**TASK**.
Each line in the material below must be transcribed exactly; no picture belongs in the copy.

**GIVEN INFORMATION**.
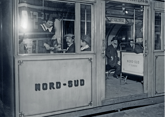狡猾而又身无分文的人很快就有了对付这种检票的办法。他们用面包屑填塞在旧票的小孔里,以便免费进行第二次旅行,从而愚弄了在昏暗中工作的打孔检票高手。其实,在当时,巴黎地铁的灯光并没有那么差。白色或乳白色的瓷砖将光线放大,让那些原本以为这里会像地下的其他东西一样,装饰得又黑又脏的人大吃一惊。地铁的车厢是木制的,比较土气。乘客只能从它们的单翼舱门慢慢地通过。开关门是由列车员控制的,在每个车厢的前部给列车员留了一个座位。
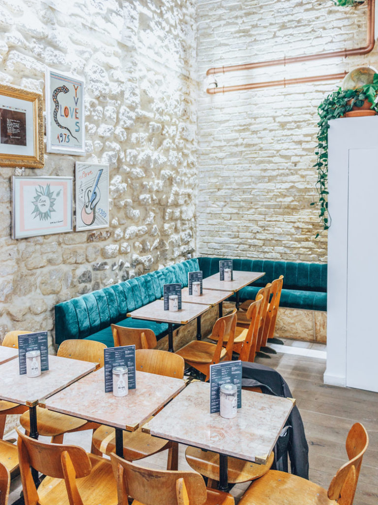 Avec ses murs en pierre, sa grande banquette bleue canard au fond de la pièce et sa cuisine ouverte, on se sent tout de suite bien chez Café Foufou. Entre le plafond tout en miroir, les tables en marbre rose et la jolie vaisselle, pas de doute, la décoration a été pensée pour être photogénique !
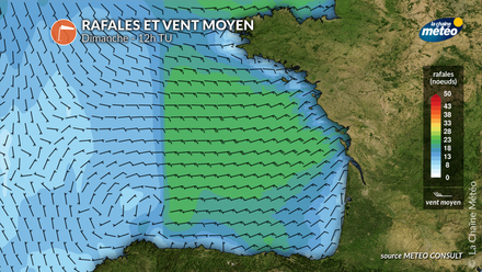 Le ciel reste clair ou peu nuageux, avec des températures maximales de 24 à 28°C du nord au sud. La mer, de 17 à 23°C°, sera belle à peu agitée le soir. L'indice UV de 6 à 7 nécessite une protection solaire continue. En mer, le vent d'est nord-est, force 4 à 5, tournera vers le nord nord-est en fin de journée, avec des rafales de 21 nœuds entre Lorient et Saint-Nazaire. Profitez de la mer calme pour la plaisance malgré des risées liées aux brise, mais soyez attentifs aux changements de vent.

**EXERCISE SOLUTION**.
狡猾而又身无分文的人很快就有了对付这种检票的办法。他们用面包屑填塞在旧票的小孔里,以便免费进行第二次旅行,从而愚弄了在昏暗中工作的打孔检票高手。其实,在当时,巴黎地铁的灯光并没有那么差。白色或乳白色的瓷砖将光线放大,让那些原本以为这里会像地下的其他东西一样,装饰得又黑又脏的人大吃一惊。地铁的车厢是木制的,比较土气。乘客只能从它们的单翼舱门慢慢地通过。开关门是由列车员控制的,在每个车厢的前部给列车员留了一个座位。
 Avec ses murs en pierre, sa grande banquette bleue canard au fond de la pièce et sa cuisine ouverte, on se sent tout de suite bien chez Café Foufou. Entre le plafond tout en miroir, les tables en marbre rose et la jolie vaisselle, pas de doute, la décoration a été pensée pour être photogénique !
 Le ciel reste clair ou peu nuageux, avec des températures maximales de 24 à 28°C du nord au sud. La mer, de 17 à 23°C°, sera belle à peu agitée le soir. L'indice UV de 6 à 7 nécessite une protection solaire continue. En mer, le vent d'est nord-est, force 4 à 5, tournera vers le nord nord-est en fin de journée, avec des rafales de 21 nœuds entre Lorient et Saint-Nazaire. Profitez de la mer calme pour la plaisance malgré des risées liées aux brise, mais soyez attentifs aux changements de vent.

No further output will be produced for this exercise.